6.5.4.  Fault Status Reporting

   GMPLS signaling uses the Notify message to report fault status
   [RFC3473].  The Notify message can apply to a single LSP or can carry
   fault information for a set of LSPs to improve the scalability of
   fault notification.

   Since the Notify message is targeted at a specific node it can be
   delivered rapidly without requiring hop-by-hop processing.  It can be


Sprecher & Farrel          Expires September 08, 2010          [Page 49]
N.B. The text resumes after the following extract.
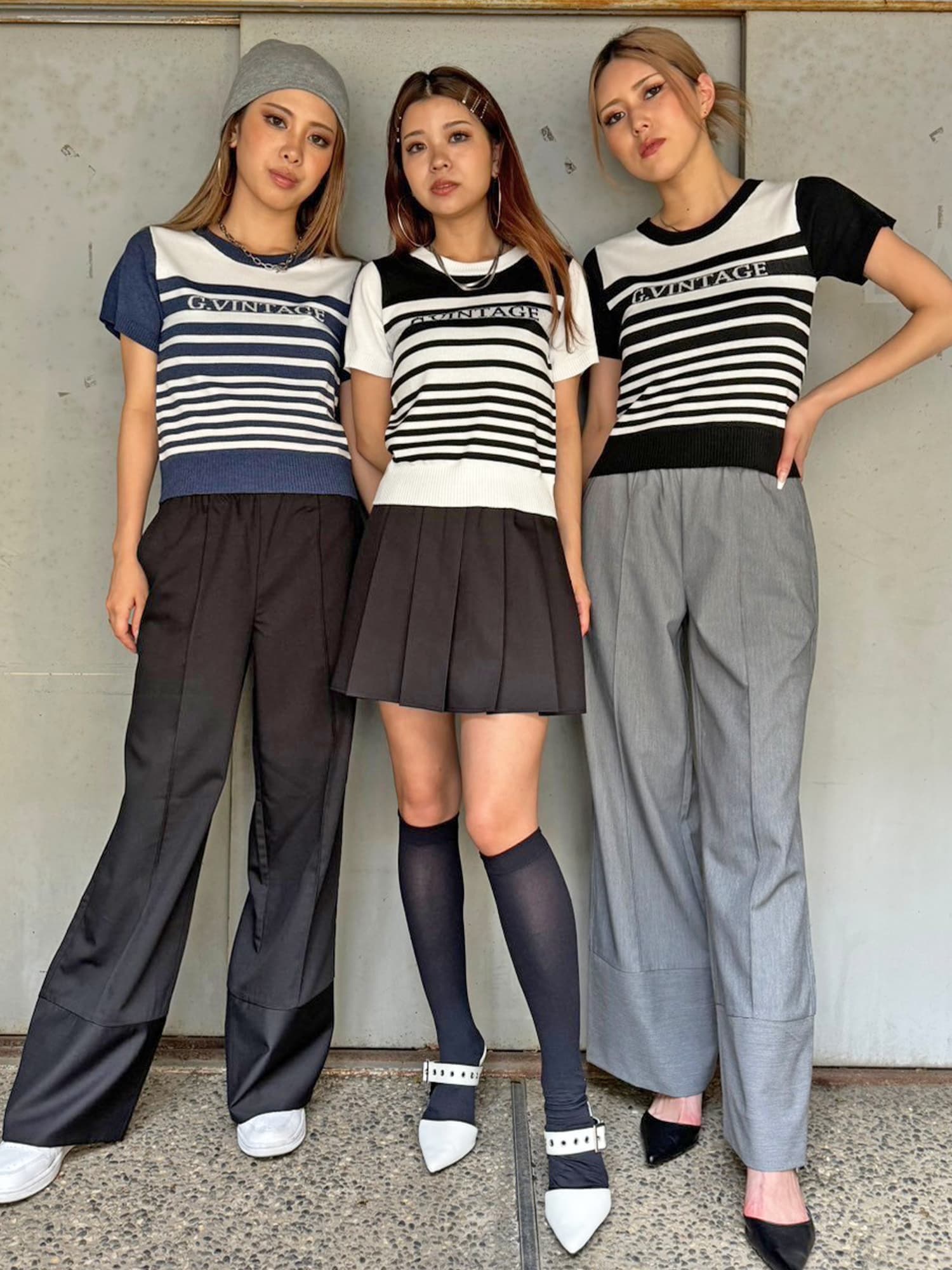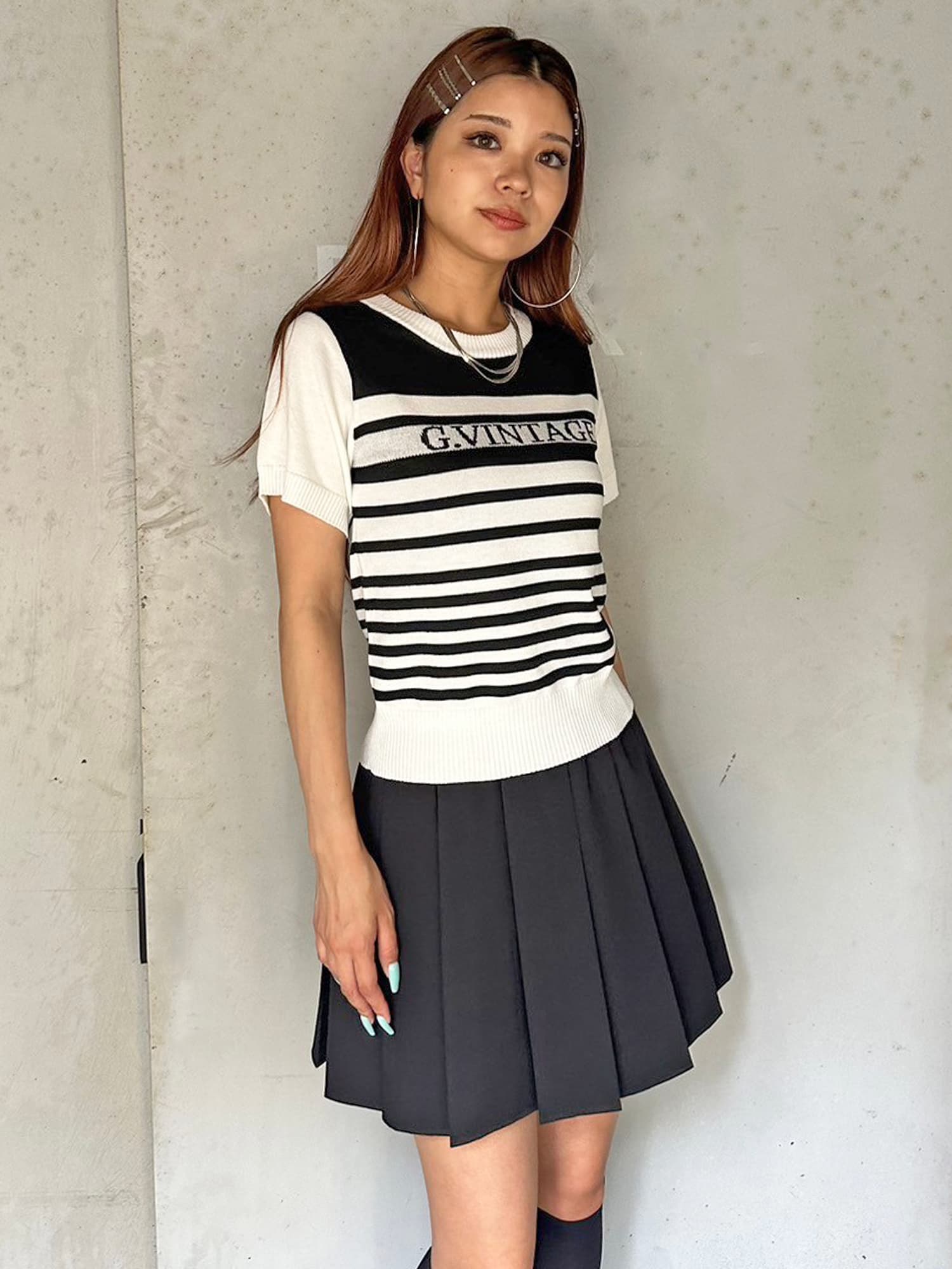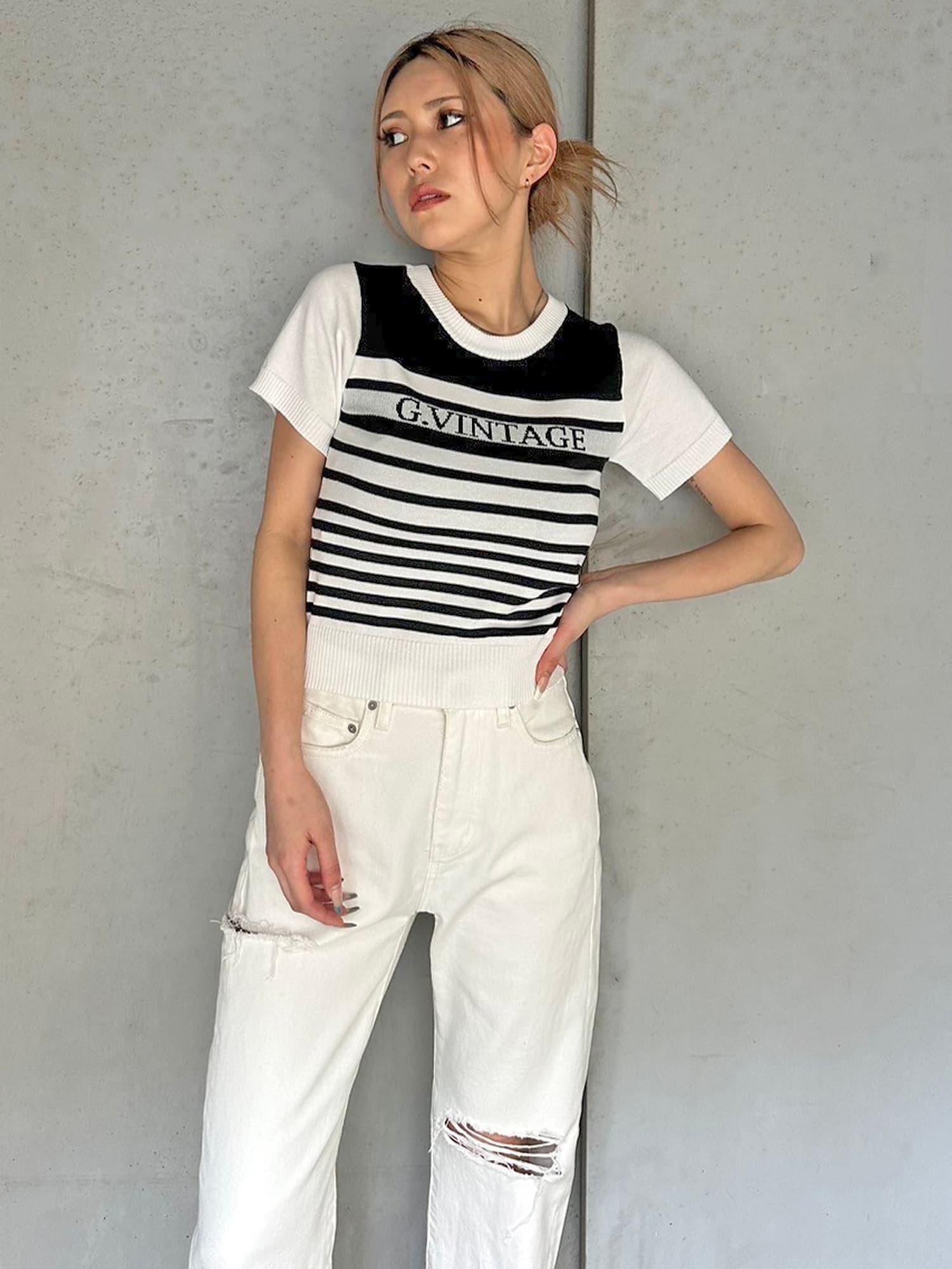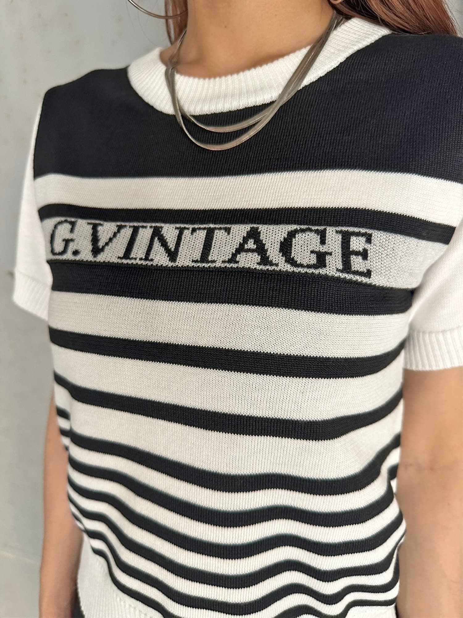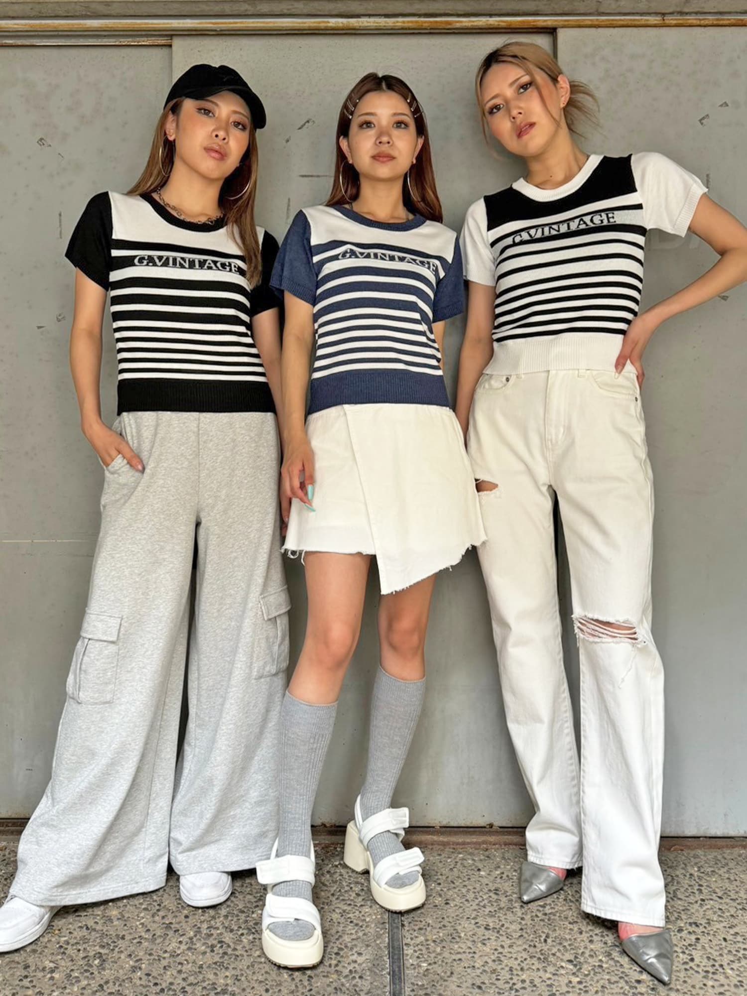 さらっとしたニットで全体的に少しゆとりを持たせているので締め付け感が無く、スッキリとした着心地です。クルーネックのランダムボーダーでカジュアル感を演出しつつコンパクトなシルエットで女っぽさも感じられるMIXアイテム。ボトムスや小物合わせ次第でコーデの雰囲気も変わります。ロゴはシーズンテーマのglam vintage。綺麗めなフォントにしています。

Internet-Draft        MPLS-TP Survivability Framework         March 2010


   targeted at LSP end-points, or at segment end-points (such as MEPs).
   The target points for Notify messages can be manually configured
   within the network or may be signaled as the LSP is set up.  This
   allows the process to be made consistent with segment protection and
   the concept of Maintenance Entities.

   GMPLS signaling also provides a slower, hop-by-hop mechanism for
   reporting individual LSP faults on a hop-by-hop basis using the
   PathErr and ResvErr messages.

   [RFC4783] provides a mechanism to coordinate alarms and other event
   or fault information through GMPLS signaling.  This mechanism is
   useful to understand the status of the resources used by an LSP and
   to help understand why an LSP is not functioning, but it is not
   intended to replace other fault reporting mechanisms.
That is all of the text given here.